Anyhow, the other thing that I have yet to meet the breed that beats out our sheps is shedding. So yes, this is another shedding tale, with of course a shedding tail. 

But amonst sheps, there are those, the few, the proud, that stand out, beyond their sisters and cousins, that could provide hair for the entire Gulf of Mexico. 

Milla is one of these. She is not a shedder. She is a MACHINE. I look at her one day, and think, she needs a brushing. The next day she looks like she molted. My black and tannish pup has turned into a silver sable overnight!!!

If I let it go for another day, I am afraid that the authorities will come down at me for neglecting my dog!!! 

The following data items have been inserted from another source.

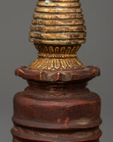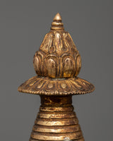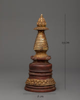 The oxidized copper and gold-plated elements showcase exceptional craftsmanship and meticulous attention to detail, ensuring the stupa's lasting beauty. It is a reminder of the Buddha's teachings and the importance of peace, wisdom, and enlightenment. Its antique finish contributes depth and character, making it an excellent choice for any sacred altar or spiritual area.
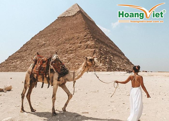 Điểm nhấn đặc biệt: Trải nghiệm cưỡi lạc đà tại chân Kim Tự Tháp – một khoảnh khắc “để đời” giữa khung cảnh kỳ vĩ của Giza. Những bước chân chậm rãi của lạc đà trên cát, những bức hình ngược sáng với nền kim tự tháp sừng sững phía sau… sẽ là kỷ niệm không thể nào quên.
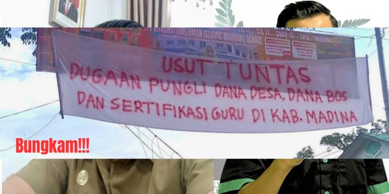 Spanduk tersebut bertuliskan: “USUT TUNTAS DUGAAN PUNGLI DANA DESA, DANA BOS DAN SERTIFIKASI GURU DI KAB. MADINA”. Kemunculan spanduk ini diduga sebagai bentuk kekecewaan masyarakat terhadap transparansi dan pengelolaan anggaran publik di daerah tersebut.
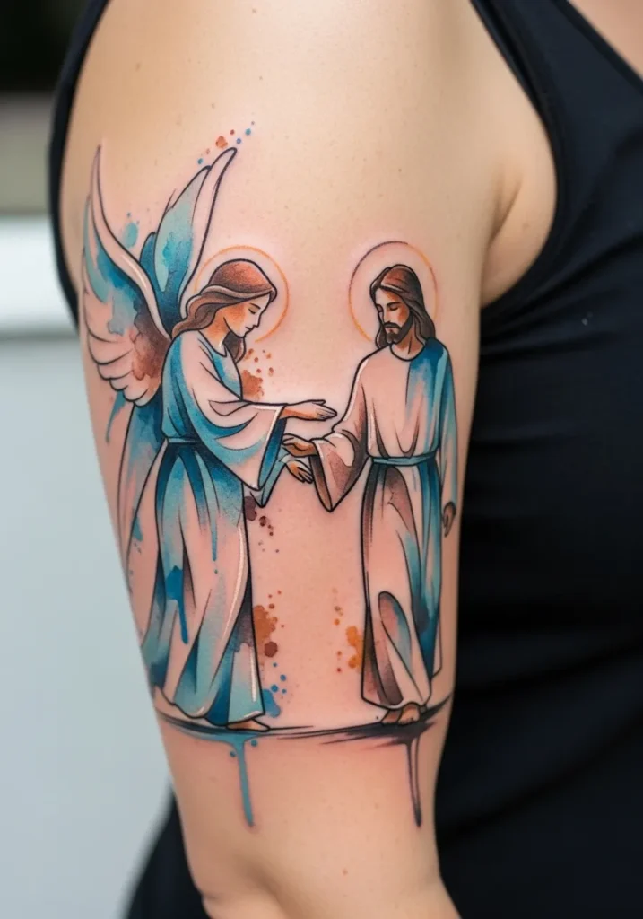 This medium sized tattoo sits on the upper arm and shows an angel gently guiding Jesus forward. The style combines soft realism with watercolor touches, using blues, creams, and warm neutrals. The movement in the design makes it feel alive and emotional.
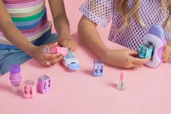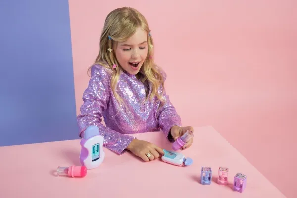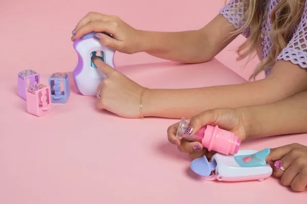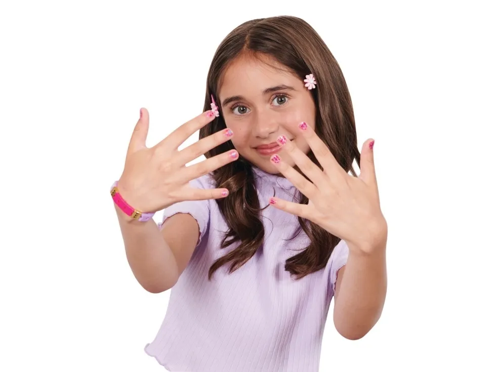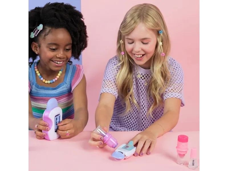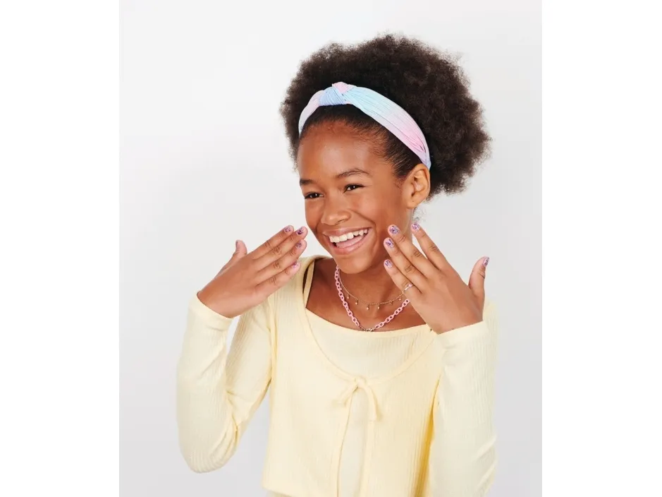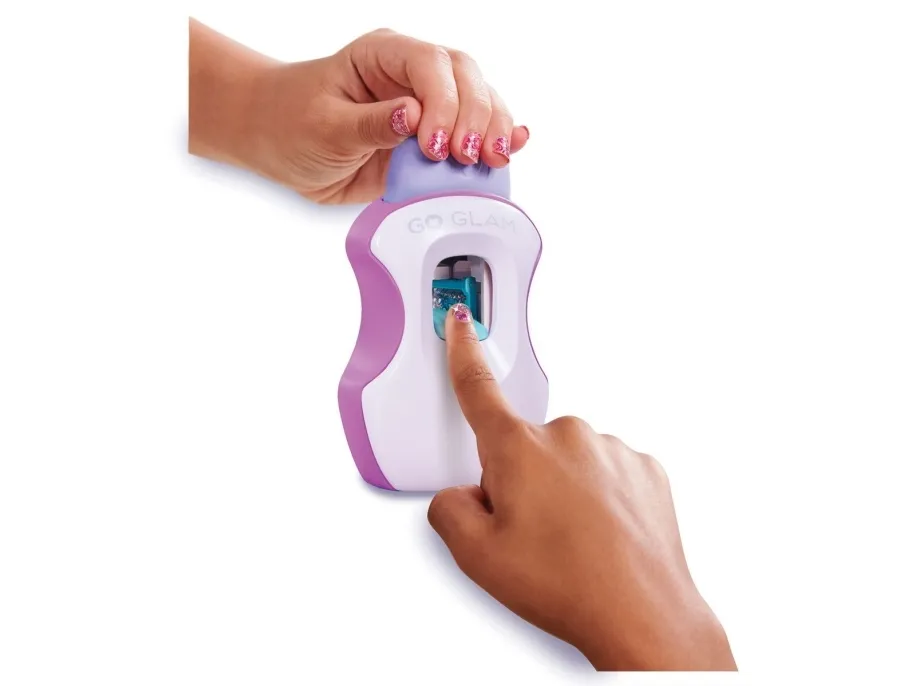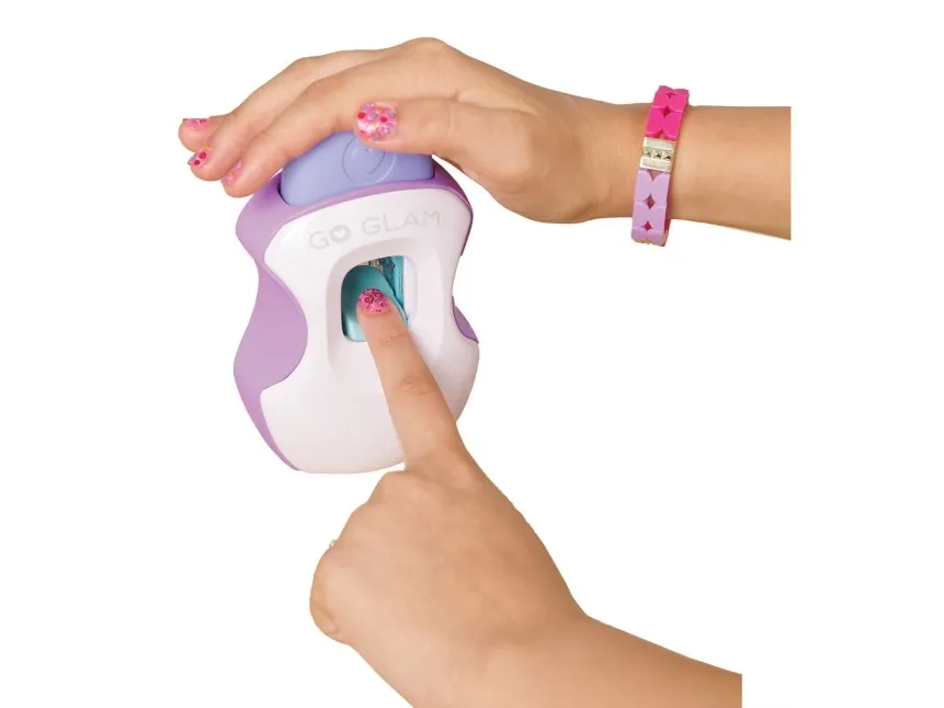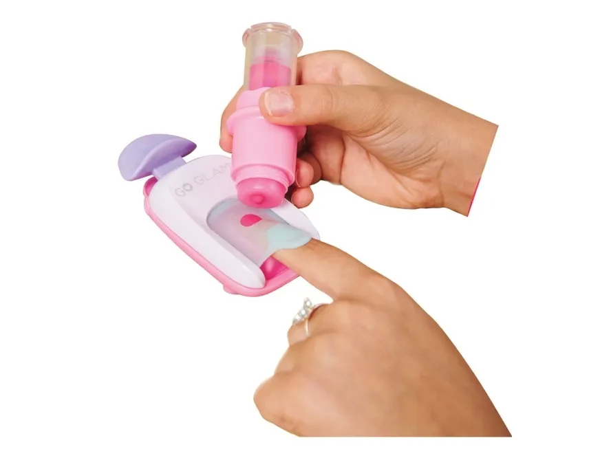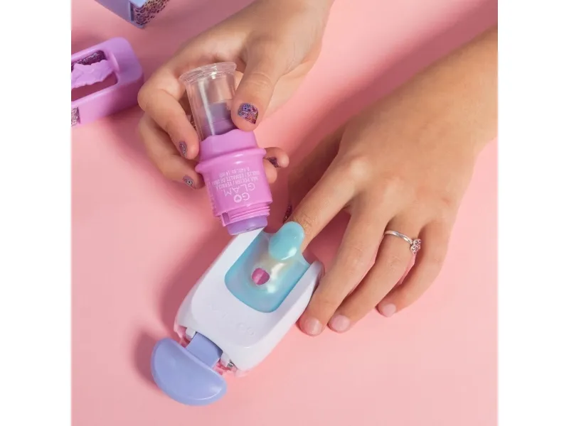 Easily stamp manicures with Cool Maker GO GLAM Nail Studio! This nail design kit will inspire creativity and build confidence as girls express their style, designing their own manicures. Updated easy-paint polish applicators and a nail mask make it easier than ever to pop, paint, and press 200 nails of any size! Kids can choose from 4 stylish designs: holographic hearts, shimmery flowers, cute smileys, and pretty butterflies. Pop a cartridge into the machine and close the mask over a finger and adjust – its silicone cover exposes the nail to keep polish off skin. The pink and purple easy-to-use nail polish applicators take the guesswork out of coats; it dabs the right amount of color onto every nail! After approximately 4 minutes drying time, polish will have a tacky finish that smooths once stamped. Insert a finger into the stamper and press to reveal a perfectly designed nail! Finish with the top coat for a glossy look! Whether you’re looking for birthday gifts for girls, an art kit, kids crafts or exciting kids activities for sleepovers, spa days, back-to-school, rainy days or anytime, Cool Maker GO GLAM Nail Studio nail stamper kit is a welcome addition to the DIY fun!

So I gathered up the shedding blade, the toe nail clippers, the furminator, the slicker, the comb, that useless rubber brush thingy that cost an arm and a leg, the pin brush, the ear cleansing pads, and the leash and choker in my little plastic bin for the purpose and head out there. 

For twenty minutes non stop, I am stripping, and brushing, and combing, and slicking, and furminating, then I turn her around.

After yet another half an hour, I move back to the tail, which she obliged by sitting on. Errrrgh!!!

I swear the whole time, she is standing atop her dog house LAUGHING at me while I am sweating in my winter shoe boots and getting hair EVERYWHERE. 

Finally, in frustration, I dig down into her ears and clip her nails and let her go. And I saw spots on her chest and legs that must have materialized right there and then, because I KNOW I did those spots!!! 

I go for my pooper scooper to gather up the fleeces of hair. I tell you this little girl weighs 52.5 pounds and has enough hair to fill a u-haul!!! Ok, maybe that is a LITTLE extreme. 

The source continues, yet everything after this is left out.